*What is expected:*
Make an exact copy, without pictures, of the lines below from the one containing "โต๊ะหมุนสแตนเล" to the last line, both ends included.

*Data shown:*
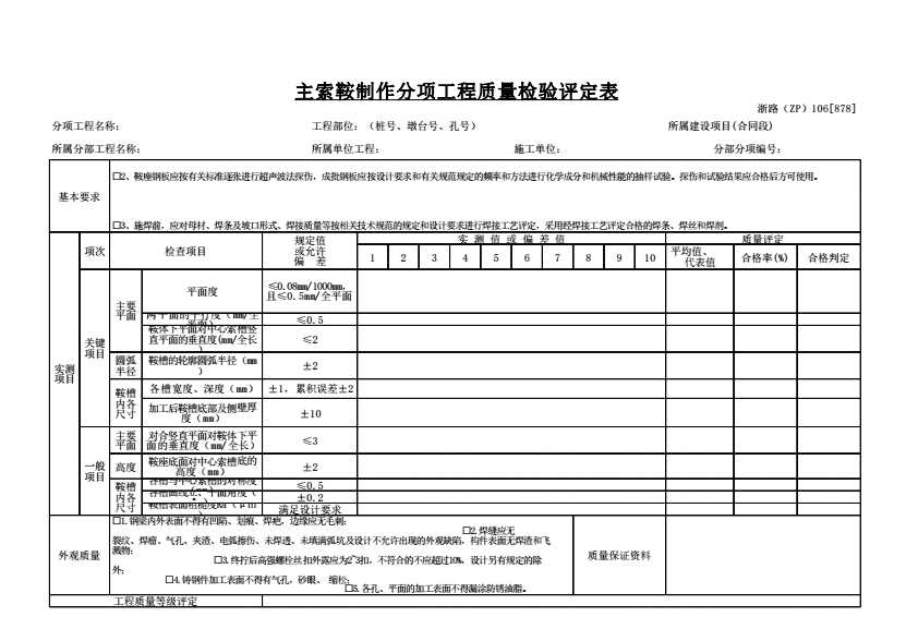 表格名称:ZP106(878) 主索鞍制作分项工程质量检验评定表
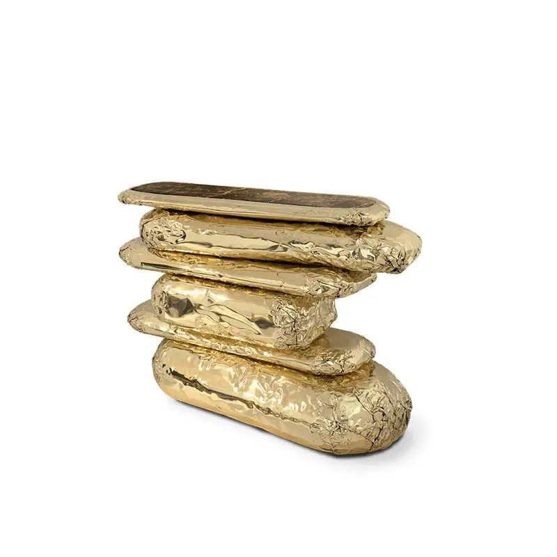 โต๊ะหมุนสแตนเลสสตีลชุบโลหะแบบโบราณทำจากเหล็กทุบโต๊ะทางเข้าห้องนั่งเล่นหรูหราแบบคลาสสิกสีทอง
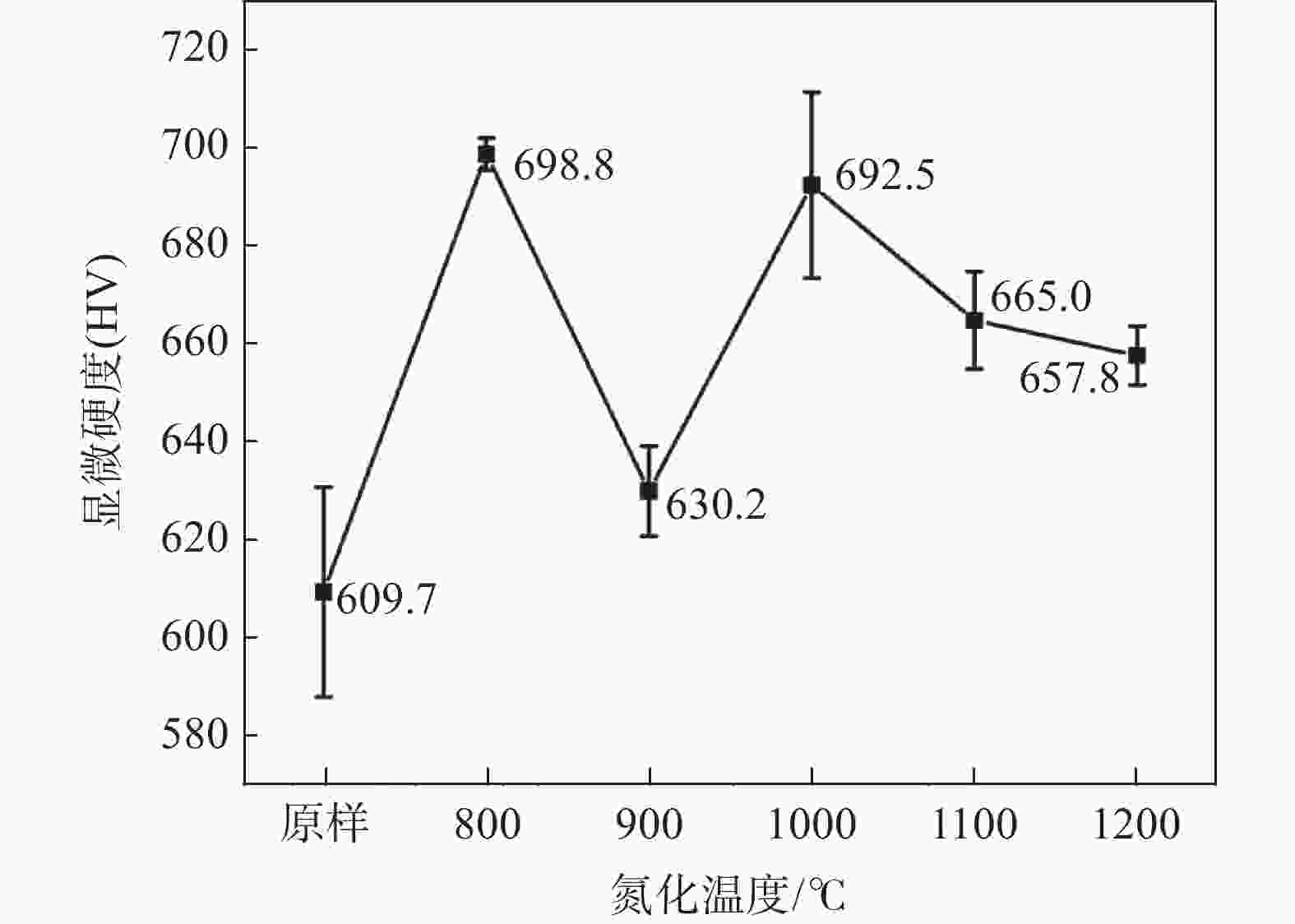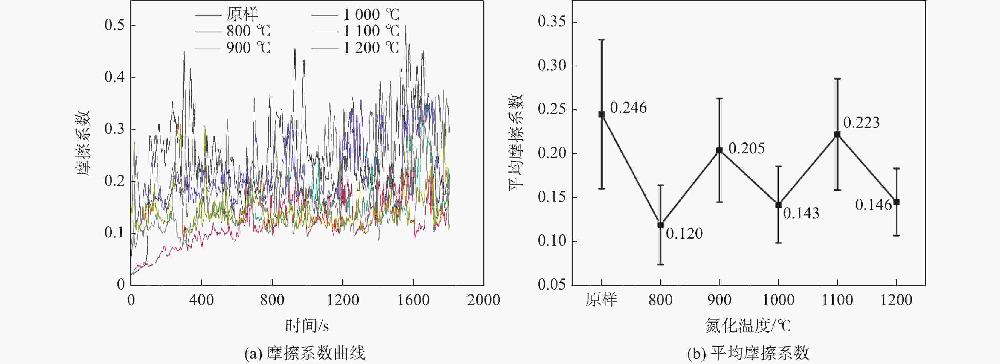 氮化温度/℃ 磨损量/g 磨损体积/mm3 磨损率/[mm3·(N·m)−1] 原样 0.00017 8.69×10−3 34.76 800 0.00006 4.86×10−3 19.44 900 0.00009 7.91×10−3 31.64 1000 0.00013 6.30×10−3 25.2 1100 0.00011 7.05×10−3 28.2 1200 0.00013 6.47×10−3 25.88 表 3 氮化时间不同的氮化层的磨损量、磨损体积及磨损率

*Output for this exercise:*
 โต๊ะหมุนสแตนเลสสตีลชุบโลหะแบบโบราณทำจากเหล็กทุบโต๊ะทางเข้าห้องนั่งเล่นหรูหราแบบคลาสสิกสีทอง
 氮化温度/℃ 磨损量/g 磨损体积/mm3 磨损率/[mm3·(N·m)−1] 原样 0.00017 8.69×10−3 34.76 800 0.00006 4.86×10−3 19.44 900 0.00009 7.91×10−3 31.64 1000 0.00013 6.30×10−3 25.2 1100 0.00011 7.05×10−3 28.2 1200 0.00013 6.47×10−3 25.88 表 3 氮化时间不同的氮化层的磨损量、磨损体积及磨损率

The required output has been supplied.